- [PROBLEM DESCRIPTION]:
Using the listing below, set down exactly the lines starting at the line that contains "I luff LEAGUE" and ending at the line that contains "Rubber Sole: Sturdy", both included, and no others.
##### THE RECORDS #####
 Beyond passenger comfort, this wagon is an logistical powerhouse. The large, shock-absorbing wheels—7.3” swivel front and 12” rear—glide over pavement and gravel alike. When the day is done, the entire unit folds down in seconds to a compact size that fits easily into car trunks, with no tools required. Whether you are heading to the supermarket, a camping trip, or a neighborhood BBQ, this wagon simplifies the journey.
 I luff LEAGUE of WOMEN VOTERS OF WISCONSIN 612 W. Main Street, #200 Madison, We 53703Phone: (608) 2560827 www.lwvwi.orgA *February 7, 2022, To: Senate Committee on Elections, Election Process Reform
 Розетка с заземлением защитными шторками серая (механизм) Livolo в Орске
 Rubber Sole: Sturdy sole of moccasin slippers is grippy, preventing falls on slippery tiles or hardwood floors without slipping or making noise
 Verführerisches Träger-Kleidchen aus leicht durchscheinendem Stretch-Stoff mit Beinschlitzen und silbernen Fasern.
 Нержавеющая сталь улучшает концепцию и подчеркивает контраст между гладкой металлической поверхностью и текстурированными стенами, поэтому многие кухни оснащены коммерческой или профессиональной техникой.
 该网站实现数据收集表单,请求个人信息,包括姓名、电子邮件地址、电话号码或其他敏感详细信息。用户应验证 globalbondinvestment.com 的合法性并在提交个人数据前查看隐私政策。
#####
##### THE RECORDS #####
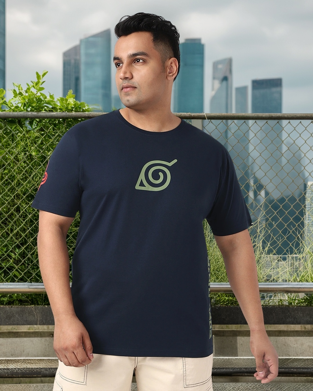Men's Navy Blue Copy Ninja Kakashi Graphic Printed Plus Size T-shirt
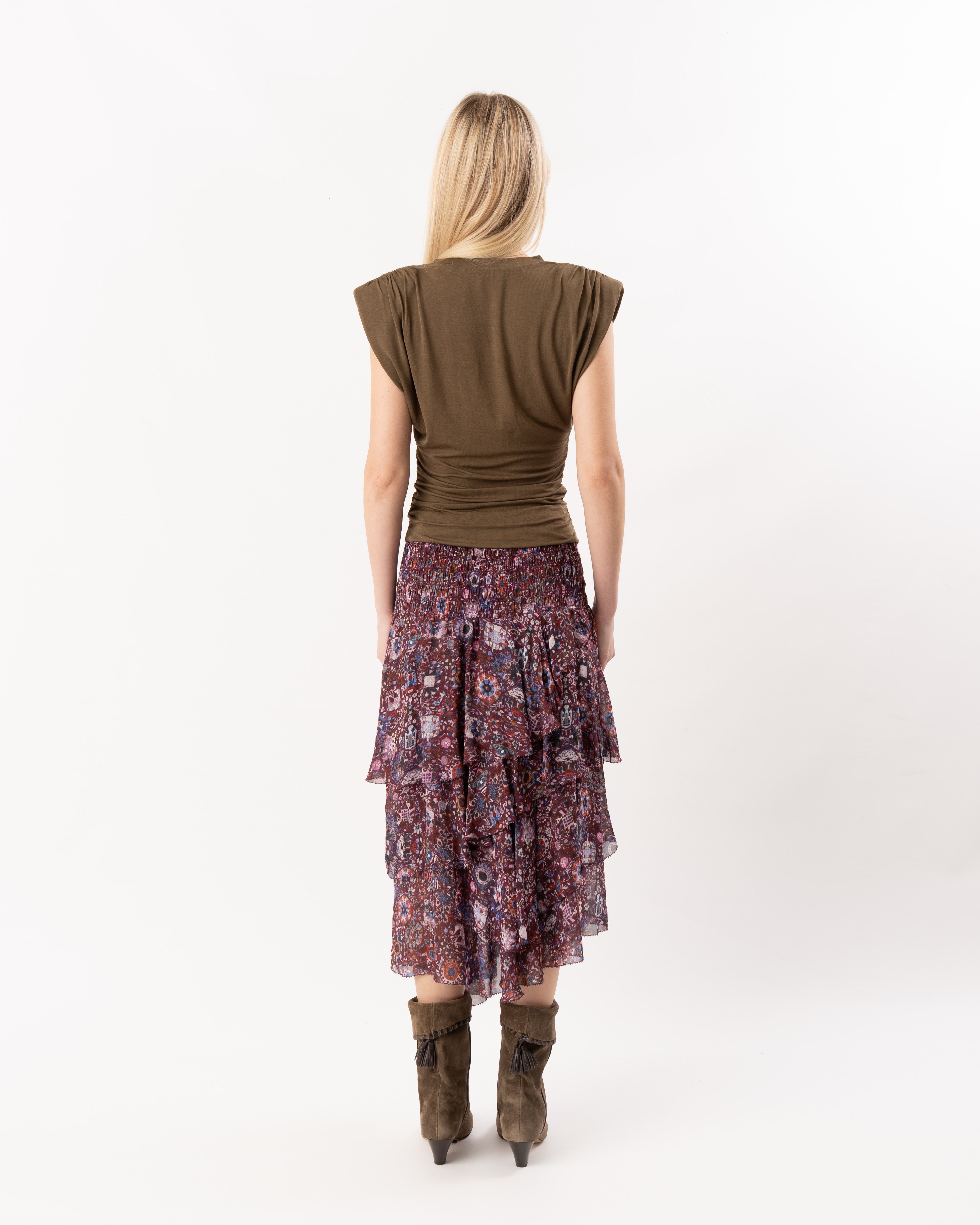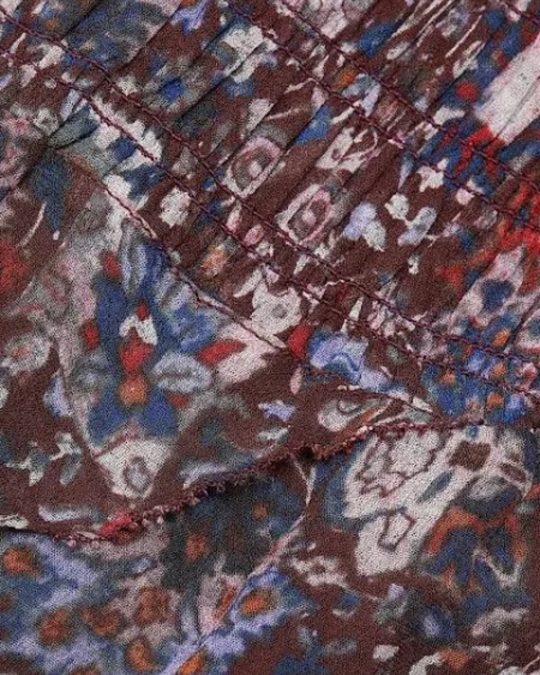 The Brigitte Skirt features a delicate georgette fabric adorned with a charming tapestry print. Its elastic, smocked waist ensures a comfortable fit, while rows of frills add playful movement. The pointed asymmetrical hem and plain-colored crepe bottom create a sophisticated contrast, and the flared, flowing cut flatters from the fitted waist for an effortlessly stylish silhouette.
#####
- [WRITTEN ANSWER]:
 I luff LEAGUE of WOMEN VOTERS OF WISCONSIN 612 W. Main Street, #200 Madison, We 53703Phone: (608) 2560827 www.lwvwi.orgA *February 7, 2022, To: Senate Committee on Elections, Election Process Reform
 Розетка с заземлением защитными шторками серая (механизм) Livolo в Орске
 Rubber Sole: Sturdy sole of moccasin slippers is grippy, preventing falls on slippery tiles or hardwood floors without slipping or making noise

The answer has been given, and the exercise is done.